Московская церковь стала национальной, со своим независимым от греков главою, со своими святыми, со своим культом, значительно отличавшимся от грече­ского, даже со своей догматикой, установленной на Стоглавом соборе. О последнем мы говорили уже в предшествующей главе, к ней и к особенностям культа мы подробно вернемся в следующей главе. В заключе­ние отметим только, что Иона, подобно Алексею и Сер­гию, верно служил московскому князю и преследовал всеми мерами церковной репрессии крамольных кня­зей и бояр, анафемствовал их и требовал от епархи­альных епископов строгого проведения анафемы, и только новгородский владыка Евфимий отказался при­менить репрессии против крамольного и отлученного от церкви Шемяки, скрывшегося в Новгороде. Дело было еще до подчинения Новгорода, и с Евфимием Иона ни­чего не мог поделать; несомненно, что этот инцидент оказал свое влияние на политику Москвы по отноше­нию к Новгороду. Примеру Ионы подражали и следу­ющие митрополиты, особенно осифляне Даниил и Макарий. Только митрополит Варлаам попытался было перечить Василию III, но сейчас же поплатился саном и был заточен в монастырь.
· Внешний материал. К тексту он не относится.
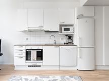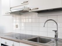 - Liesi: keraaminen, erillisuuni. Työtasot: laminaatti. Kylmäsäilytys: jääkaappi/pakastin. Varustus: liesituuletin, astianpesukone. Keittiössä valkoiset kaapinovet ja laminaatti työtaso.
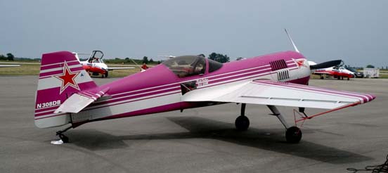 Wikipedia, The Sukhoi Su-26 is a single-seater aerobatics plane from the former Soviet Union, powered by a single radial reciprocating engine. The Su-26 has mid-mounted straight wings and fixed landing gear, the main gear mounted on a solid titanium arc. The Sukhoi Su-26 made its first flight in June 1984, the original four having a two-bladed prop. The production switched to the Su-26M, with refined tail surfaces and a 3-bladed Hoffman prop. Further refinements were made, and the model won both the men's and women's team prizes at the 1986 World Aerobatics Championships. The modified Su-26M3 with the new M9F 430-hp engine dominated the 2003 and 2005 Aerobatic World Championships as well as the 2004 European Championships. It was exported to Argentina in the 1990s. Specifications (Su-26)Data from

Став отделением велико­княжеской политической охранки, централизованная церковь охотно шла на поводу у московского государя и в чисто церковных вопросах. Не только канонизация святых, но и упорядочение церковного быта, культа и вероучения проводилось по директивам государя. Так, Стоглавый собор рассматривает вопросы, поставлен­ные царем, и выносит по ним свои постановления. Со­юз государства и церкви стал на весь XVI в. определя­ющим фактором московской политики.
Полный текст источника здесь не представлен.